A nossa interlocutora acrescentou que tem conhecimento de que algumas famílias foram proibidas de cultivar nas suas machambas, supostamente por se situarem dentro da zona mineira, mas, estranhamente, ninguém lhes indicou locais alternativos para a prática da agricultura, o que não deixa de constituir preocupação.
“Pedimos a quem de direito para flexibilizar o processo de reassentamento para que as pessoas saibam o que lhes espera. o Governo deve fazer qualquer coisa, já que a empresa que explora a mina de Rubi de Namanhumbire não diz nada e a população não pode ficar sem produzir, pois, caso contrário, vai morrer de fome”, sentenciou da Solidade.
Ficámos a saber, por outro lado, que a população não vai livremente às suas machambas devido à presença de alguns efectivos de segurança privada, contratados pela mineradora na sequência da invasão das suas áreas pelos garimpeiros ilegais.
“Isso acontece porque os garimpeiros ilegais que tiravam rubis na zona mineira da empresa saíram por medo de serem surpreendidos e fugiram para Nseue, que por estar na lista das futuras zonas da mineradora enviaram alguns elementos de segurança, o que deixa a população com medo”, contou-nos Armando José, um jovem interpelado pela nossa Reportagem na sede do posto administrativo de Namanhumbiri.
Vivem no posto administrativo de Namanhumbiri moçambicanos, tanzanianos, malianos, senegaleses, congoleses, malawianos, de outras nacionalidades, tidas como principais “patrocinadores” do garimpo ilegal e que têm os nacionais como os “cavadores”.
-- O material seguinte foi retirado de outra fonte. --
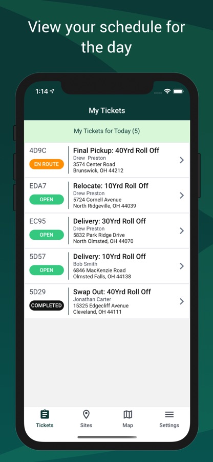 •Detailed work orders including customer names, addresses and dumpster delivery instructions

Por seu turno, Jacob Augusto Ferro, líder comunitário da Aldeia Nanuni, contou-nos que participa do processo de consulta comunitária aos camponeses, porém ele também sente-se desconfortado com a situação patente e questionou-nos, obviamente, sem obter a devida resposta, a razão para tanta demora na operacionalização do programa de reassentamento.
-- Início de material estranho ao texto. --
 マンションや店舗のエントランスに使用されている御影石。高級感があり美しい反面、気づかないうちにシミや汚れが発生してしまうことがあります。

“No início, a minha aldeia, Nanuni, também estava inclusa, mas, mais tarde, vieram comunicar-nos que as pessoas não seriam reassentadas por o nosso povoado não fazer parte da área concedida à empresa exploradora de rubis, e que somente nas aldeias Mpene, Nseue e Ntoro as populações seriam movimentadas para a sede do posto administrativo”, contou.
Consta que no decurso do processo de levantamento das benfeitorias cada família teve a oportunidade de mostrar tudo o que tinha no seu quintal que, depois de fotografado, recebia um cartão que serve de comprovativo de que foi cadastrado.
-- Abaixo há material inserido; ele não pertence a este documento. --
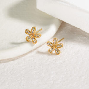 Simple Diamond-Embedded Flower Stud Earrings, Gold, Multi-Diamond Style

Contudo, devido à longa demora, existem aqueles que receiam um dia, por infortúnio, perderem o referido cartão e, consequentemente, todos os seus direitos.
Vai daí que aquele líder comunitário pede para que se flexibilize e clarifique o processo e fixe-se uma data para o início do programa de reassentamento e construção das habitações. “Se a empresa não tem condições para fechar o processo agora, deve informar para que a população continue a produzir comida nas suas machambas” -ajuntou Ferro.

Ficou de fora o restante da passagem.